Collected data entries
——————

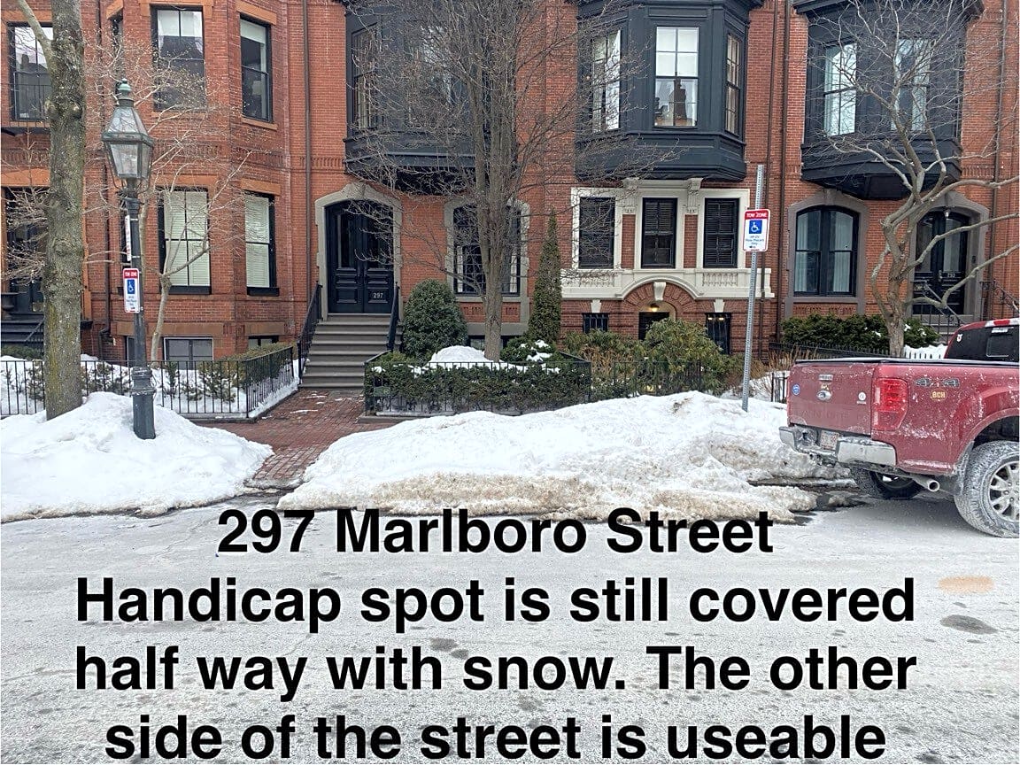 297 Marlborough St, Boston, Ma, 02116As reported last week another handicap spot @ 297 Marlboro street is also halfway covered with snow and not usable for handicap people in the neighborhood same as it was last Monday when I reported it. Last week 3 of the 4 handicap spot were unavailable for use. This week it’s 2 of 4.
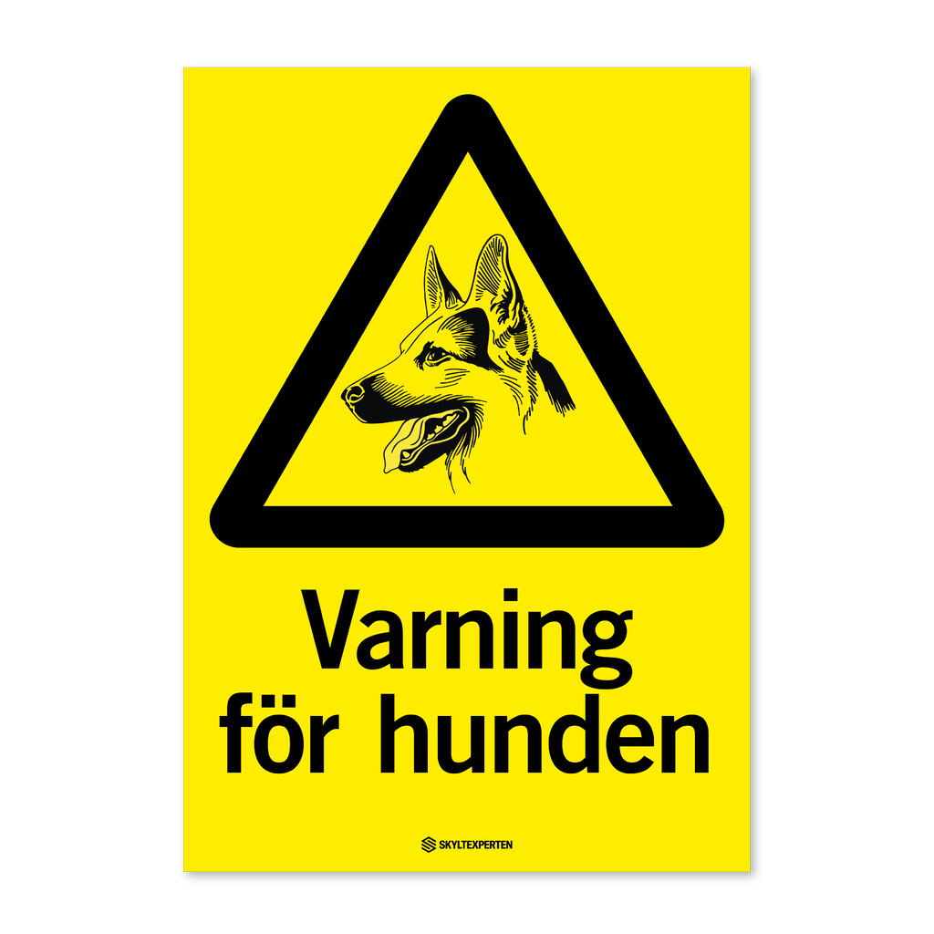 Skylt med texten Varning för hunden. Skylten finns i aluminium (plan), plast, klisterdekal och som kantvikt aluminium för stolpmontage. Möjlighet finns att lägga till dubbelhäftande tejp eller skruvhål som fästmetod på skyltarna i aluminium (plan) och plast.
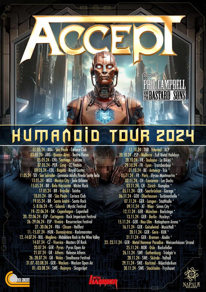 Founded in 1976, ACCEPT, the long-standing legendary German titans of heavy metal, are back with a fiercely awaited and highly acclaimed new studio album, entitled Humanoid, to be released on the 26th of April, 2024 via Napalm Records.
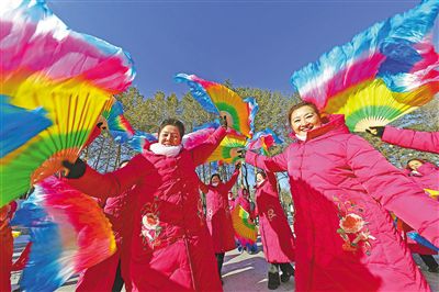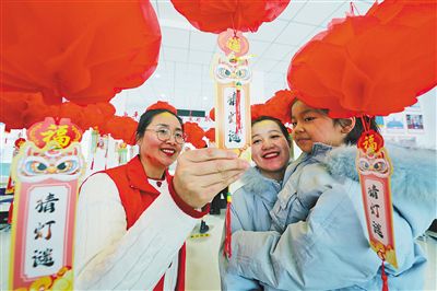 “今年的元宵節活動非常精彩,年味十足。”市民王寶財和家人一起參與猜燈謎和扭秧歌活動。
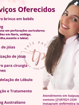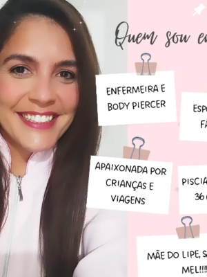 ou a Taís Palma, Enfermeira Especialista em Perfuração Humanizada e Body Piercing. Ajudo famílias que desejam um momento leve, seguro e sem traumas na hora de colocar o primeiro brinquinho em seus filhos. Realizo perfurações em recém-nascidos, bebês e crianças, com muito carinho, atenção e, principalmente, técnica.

——————

The lines from the one with "Skylt med texten" to the end of the data above should be retyped exactly, both ends included, and pictures are to be left out.

 Skylt med texten Varning för hunden. Skylten finns i aluminium (plan), plast, klisterdekal och som kantvikt aluminium för stolpmontage. Möjlighet finns att lägga till dubbelhäftande tejp eller skruvhål som fästmetod på skyltarna i aluminium (plan) och plast.
 Founded in 1976, ACCEPT, the long-standing legendary German titans of heavy metal, are back with a fiercely awaited and highly acclaimed new studio album, entitled Humanoid, to be released on the 26th of April, 2024 via Napalm Records.
 “今年的元宵節活動非常精彩,年味十足。”市民王寶財和家人一起參與猜燈謎和扭秧歌活動。
 ou a Taís Palma, Enfermeira Especialista em Perfuração Humanizada e Body Piercing. Ajudo famílias que desejam um momento leve, seguro e sem traumas na hora de colocar o primeiro brinquinho em seus filhos. Realizo perfurações em recém-nascidos, bebês e crianças, com muito carinho, atenção e, principalmente, técnica.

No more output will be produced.